The intervertebral discs are fibrocartilaginous flattened structures interposed between adjacent vertebral bodies. Each disc consists of a gelatinous inner region (i.e., the nucleus pulposus), surrounded by a solid ring of stiffer material (i.e., the annulus fibrosus).

The vertebral artery is closely related to the cervical spine and is the first branch of the subclavian artery. It enters the foramen of the transverse process of C6 and ascends through the remaining foramina of the tops of the cervical vertebrae. The vertebral artery passes beneath the posterior atlantooccipital membrane. The union of the two vertebral arteries forms the basilar artery.

ESSENTIAL MOTION ASSESSMENT

ORTHOPEDIC GAMUT 3-5 VERTEBRAL MUSCLES

The vertebral muscles are divided into two large groups:

1. Extrinsic muscles, which are important in the attachment of limbs and limb girdles to the vertebrae and contribute to motions of the trunk

2. Intrinsic muscles, which stabilize and carry out motions of the vertebral column itself

During a cervical spine range-of-motion assessment, the examiner should examine active then passive movements. For flexion, the patient brings the chin onto the chest; for extension, the patient bends the head backward as far as possible. For lateral flexion, the patient brings an ear toward the shoulder, first on one side and then on the other. For rotation, the patient looks over one shoulder and then the other. Repeating the movements while applying gentle pressure over the vertex of the skull may trigger pain or paresthesia in the arm if a critical degree of narrowing exists at an intervertebral foramen. In evaluating cervical spine range of motion, the examiner observes not only the total range of movement, but also the smoothness and comfort with which the patient accomplishes the motions (Figs. 3-1 to 3-8).
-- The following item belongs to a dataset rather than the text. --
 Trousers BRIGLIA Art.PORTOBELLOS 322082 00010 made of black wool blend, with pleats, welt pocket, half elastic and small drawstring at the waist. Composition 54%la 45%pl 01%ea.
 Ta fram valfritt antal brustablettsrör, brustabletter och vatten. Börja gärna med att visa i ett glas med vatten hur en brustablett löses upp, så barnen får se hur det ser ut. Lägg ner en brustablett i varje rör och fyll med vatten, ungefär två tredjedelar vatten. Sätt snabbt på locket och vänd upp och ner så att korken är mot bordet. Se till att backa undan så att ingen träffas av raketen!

FIG. 3-1 Flexion. A, To assess cervical range of motion, the examiner has the patient sit with the head upright. B, The examiner then instructs the patient to tuck the chin in toward the chest. The expected range of motion is 80 to 90 degrees. Excessive range is when the chin can reach the chest while the patient’s mouth is closed. Two finger widths’ distance between the chin and the chest can be considered normal. Forty degrees or less of retained cervical flexion is an impairment of neck function in the activities of daily living.
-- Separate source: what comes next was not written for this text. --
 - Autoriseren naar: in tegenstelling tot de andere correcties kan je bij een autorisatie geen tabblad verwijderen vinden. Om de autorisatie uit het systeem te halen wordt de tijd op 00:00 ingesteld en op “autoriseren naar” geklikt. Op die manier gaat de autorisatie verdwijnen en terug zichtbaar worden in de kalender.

FIG. 3-2 Flexion assessed with an inclinometer. The patient flexes the head and neck forward. The examiner records both angles. The T1 inclination is subtracted from the cranial inclination to determine the cervical flexion angle. The expected range of motion is 60 degrees or greater from the neutral position.

FIG. 3-3 Extension. Extension range of motion is 70 degrees. In extension, the plane of the nose and forehead should be nearly horizontal. Fifty degrees or less of retained cervical extension is an impairment of neck function in the activities of daily living.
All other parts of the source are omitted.